In recognition of his efforts to fight animal cruelty, Aronberg received the national Wings Award by the Pegasus Foundation for his contributions to animal welfare.

=== First-time DUI offender program ===
In 2013, Aronberg launched a first-time DUI offender program, the only one to have been endorsed by Mothers Against Drunk Driving (MADD). It has been used by thousands of defendants and has had a low reoffending rate.

The most well-known defendant to enter Aronberg's program was golfer Tiger Woods, whose 2017 DUI case made international news.

=== Corey Lewandowski case ===
Aronberg gained national media attention during the 2016 Presidential Election when he announced he would not move forward with a battery charge against Corey Lewandowski, Donald Trump's campaign manager.

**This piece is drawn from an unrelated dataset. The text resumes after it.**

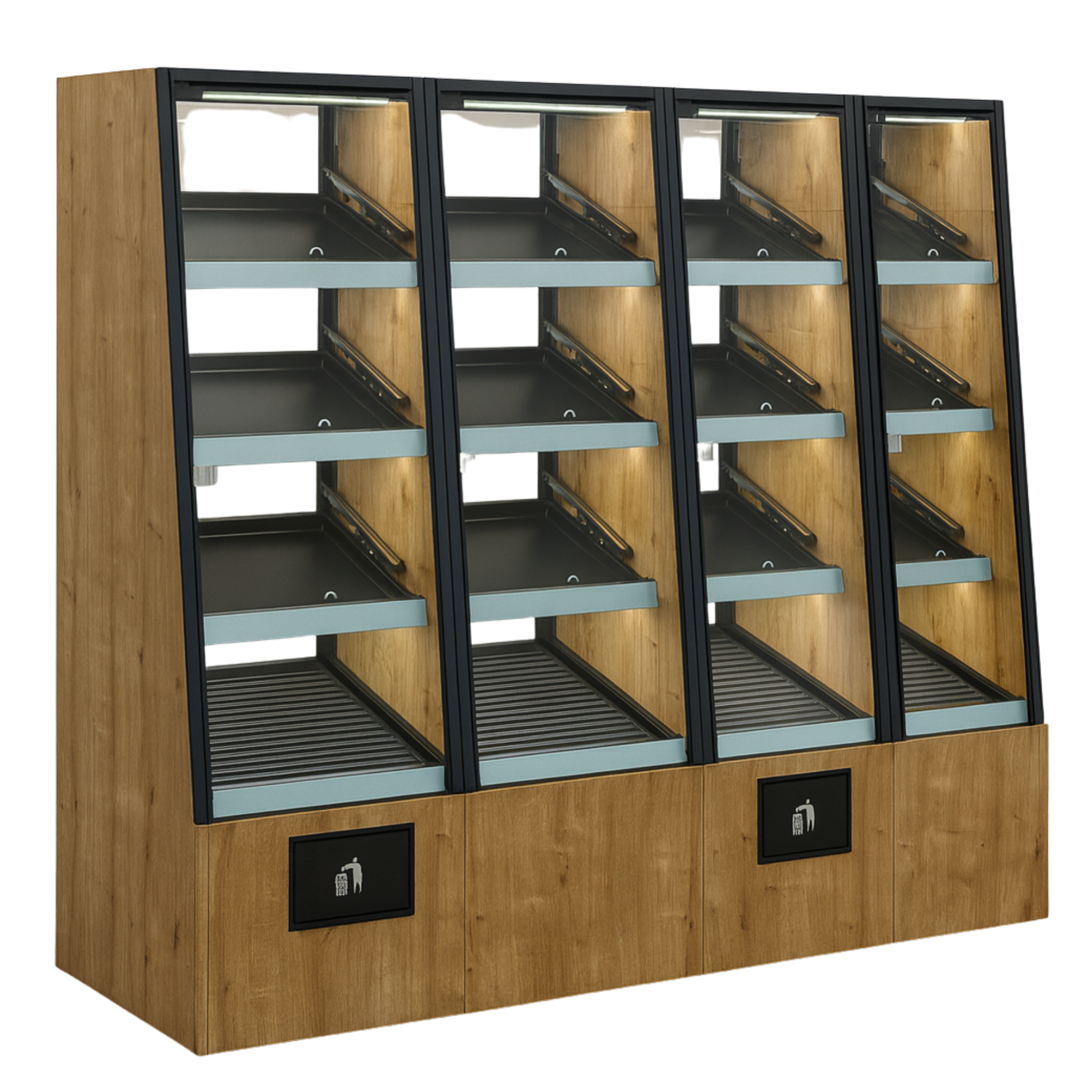 - Стеклянные фасады, открывающиеся: благодаря прозрачным фасадам, ваши продукты всегда будут в центре внимания покупателей. Открывающиеся двери обеспечивают удобный доступ к товару, облегчая процесс загрузки и обслуживания.

Jupiter Police had charged Lewandowski with misdemeanor battery after former Breitbart reporter Michelle Fields alleged that he grabbed her after a Trump press conference on March 8 at Trump International Golf Club.

=== Nouman Raja case ===
As State Attorney, Aronberg filed charges of manslaughter by culpable negligence and attempted first-degree murder with a firearm against Palm Beach Gardens police officer Nouman Raja for the killing of 31-year-old musician and housing inspector, Corey Jones, a black man who had been waiting for help on a highway after his car broke down. On March 7, 2019, a jury found Raja guilty as charged, making him the first officer in Florida to be convicted of an on-duty shooting in 30 years. Circuit Court Judge Joseph Marx sentenced Raja to 25 years in prison.

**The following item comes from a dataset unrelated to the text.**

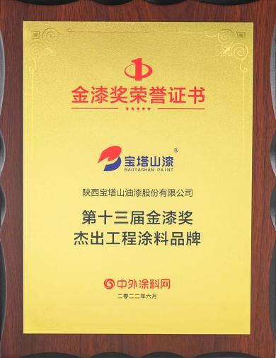 2022年6月,寶塔山漆榮獲第十三屆金漆獎“杰出工程涂料品牌”。

==Morning Joe and MeidasTouch==
Aronberg has become a weekly guest on MS NOW's Morning Joe to discuss legal issues, particularly those related to the criminal justice system.

Aronberg is also a contributor on YouTube's MeidasTouch to discuss the outspoken on some of the toughest and most controversial legal issues.

==Personal life==
In May 2015, Aronberg married Lynn Lewis, a former Miami Dolphins Cheerleader and public relations professional at the Don Cesar in St. Pete Beach; she is a convert to Judaism. They divorced in August 2017.

In May 2024, Aronberg married Sasha Kraver in a small ceremony at the Brazilian Court Hotel in Palm Beach, FL. Kraver is a luxury realtor with Douglas Elliman in Palm Beach.